Seated on a foldable, blue chair outside his shop on Colombo’s Jampettah Street on Sunday morning, Mohamed Buhari was looking ahead, his gaze firmly fixed on the shrine less than 50 metres in front of him. “I was sitting right here last Sunday too, at the same time, when I suddenly heard a blast and saw flames erupt from there,” he said, pointing to the white Colonial building’s top.
The nearly-two-century-old St. Anthony’s shrine here was one of the churches attacked in the serial bombings last Sunday, which killed over 250 people across three churches and many hotels, mostly in and around Colombo, and in the eastern city of Batticaloa.

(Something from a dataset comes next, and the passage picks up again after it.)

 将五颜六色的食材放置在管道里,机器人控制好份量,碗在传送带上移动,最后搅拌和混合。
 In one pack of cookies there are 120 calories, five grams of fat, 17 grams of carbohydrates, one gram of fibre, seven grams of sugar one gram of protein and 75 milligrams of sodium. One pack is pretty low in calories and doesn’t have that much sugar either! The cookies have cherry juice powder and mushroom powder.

As dozens of worshippers gathered at the shrine for the special Easter service last Sunday, Mr. Buhari was sitting there, thinking of his wife who had passed away less than two weeks earlier.

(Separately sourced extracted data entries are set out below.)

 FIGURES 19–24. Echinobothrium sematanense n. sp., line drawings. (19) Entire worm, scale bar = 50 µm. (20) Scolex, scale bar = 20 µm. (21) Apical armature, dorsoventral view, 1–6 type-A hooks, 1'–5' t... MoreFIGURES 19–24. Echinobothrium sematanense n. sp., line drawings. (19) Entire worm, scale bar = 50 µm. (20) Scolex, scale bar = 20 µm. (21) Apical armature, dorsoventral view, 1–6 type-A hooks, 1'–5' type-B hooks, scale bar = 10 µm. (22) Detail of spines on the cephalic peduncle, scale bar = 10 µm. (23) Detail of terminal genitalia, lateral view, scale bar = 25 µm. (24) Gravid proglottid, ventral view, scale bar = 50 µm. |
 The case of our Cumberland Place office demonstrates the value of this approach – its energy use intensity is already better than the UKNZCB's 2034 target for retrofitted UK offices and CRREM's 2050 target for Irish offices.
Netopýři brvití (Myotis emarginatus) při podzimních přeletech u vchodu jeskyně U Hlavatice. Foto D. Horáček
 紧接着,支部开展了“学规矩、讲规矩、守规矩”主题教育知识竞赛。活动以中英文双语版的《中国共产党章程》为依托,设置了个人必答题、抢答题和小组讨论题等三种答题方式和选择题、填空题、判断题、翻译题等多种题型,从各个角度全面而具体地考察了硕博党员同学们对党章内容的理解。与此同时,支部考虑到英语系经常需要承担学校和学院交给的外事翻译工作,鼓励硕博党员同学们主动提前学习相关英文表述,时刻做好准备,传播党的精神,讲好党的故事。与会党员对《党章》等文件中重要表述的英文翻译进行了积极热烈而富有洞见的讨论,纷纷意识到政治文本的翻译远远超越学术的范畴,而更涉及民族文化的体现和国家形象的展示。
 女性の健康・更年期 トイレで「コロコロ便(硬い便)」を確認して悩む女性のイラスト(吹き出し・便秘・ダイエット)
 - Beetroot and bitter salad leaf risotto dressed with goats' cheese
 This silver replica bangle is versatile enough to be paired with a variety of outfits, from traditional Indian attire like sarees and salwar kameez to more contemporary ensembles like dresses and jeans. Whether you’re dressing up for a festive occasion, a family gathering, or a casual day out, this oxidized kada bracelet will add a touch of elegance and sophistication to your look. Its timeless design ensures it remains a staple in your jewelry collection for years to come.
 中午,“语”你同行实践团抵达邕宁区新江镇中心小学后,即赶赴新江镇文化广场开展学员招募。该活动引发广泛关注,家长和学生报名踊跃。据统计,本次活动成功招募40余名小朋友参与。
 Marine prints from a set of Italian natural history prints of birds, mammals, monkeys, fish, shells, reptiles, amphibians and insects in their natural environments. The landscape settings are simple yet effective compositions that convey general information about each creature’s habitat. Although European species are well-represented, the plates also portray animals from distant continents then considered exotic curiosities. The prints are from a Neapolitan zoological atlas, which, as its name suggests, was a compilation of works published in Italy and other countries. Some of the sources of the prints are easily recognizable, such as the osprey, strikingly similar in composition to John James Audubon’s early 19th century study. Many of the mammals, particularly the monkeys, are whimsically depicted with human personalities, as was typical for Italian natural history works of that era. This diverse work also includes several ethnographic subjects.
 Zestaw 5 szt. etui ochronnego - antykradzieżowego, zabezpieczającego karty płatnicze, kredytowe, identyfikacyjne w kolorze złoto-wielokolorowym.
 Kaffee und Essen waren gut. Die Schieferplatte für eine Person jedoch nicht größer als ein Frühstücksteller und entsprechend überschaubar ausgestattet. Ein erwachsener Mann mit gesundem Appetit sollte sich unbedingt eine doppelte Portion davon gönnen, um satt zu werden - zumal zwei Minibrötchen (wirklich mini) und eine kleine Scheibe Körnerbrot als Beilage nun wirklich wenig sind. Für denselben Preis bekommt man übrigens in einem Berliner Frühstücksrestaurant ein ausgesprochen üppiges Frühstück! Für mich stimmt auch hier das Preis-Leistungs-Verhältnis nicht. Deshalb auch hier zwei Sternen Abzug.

“I just could not understand what was going on,” said the 69-year-old garment trader. He had left Thanjavur in India when he was 20, to work here in Kochchikade, as the locality is known. It became his home for life. “Hearing the sudden noise, residents rushed outside tried taking the injured people in three-wheelers, buses, or whatever vehicles we could find,” he recalled.
With persisting security concerns, the Archbishop of Colombo cancelled all church services and instead held a Sunday Mass at his home that was televised live. However, dozens gathered outside St. Anthony’s shrine, singing hymns and lighting candles, exactly a week after the horrific attacks. Rows of flags in black and white were put up along the street, as if to register grief, protest and solidarity at once.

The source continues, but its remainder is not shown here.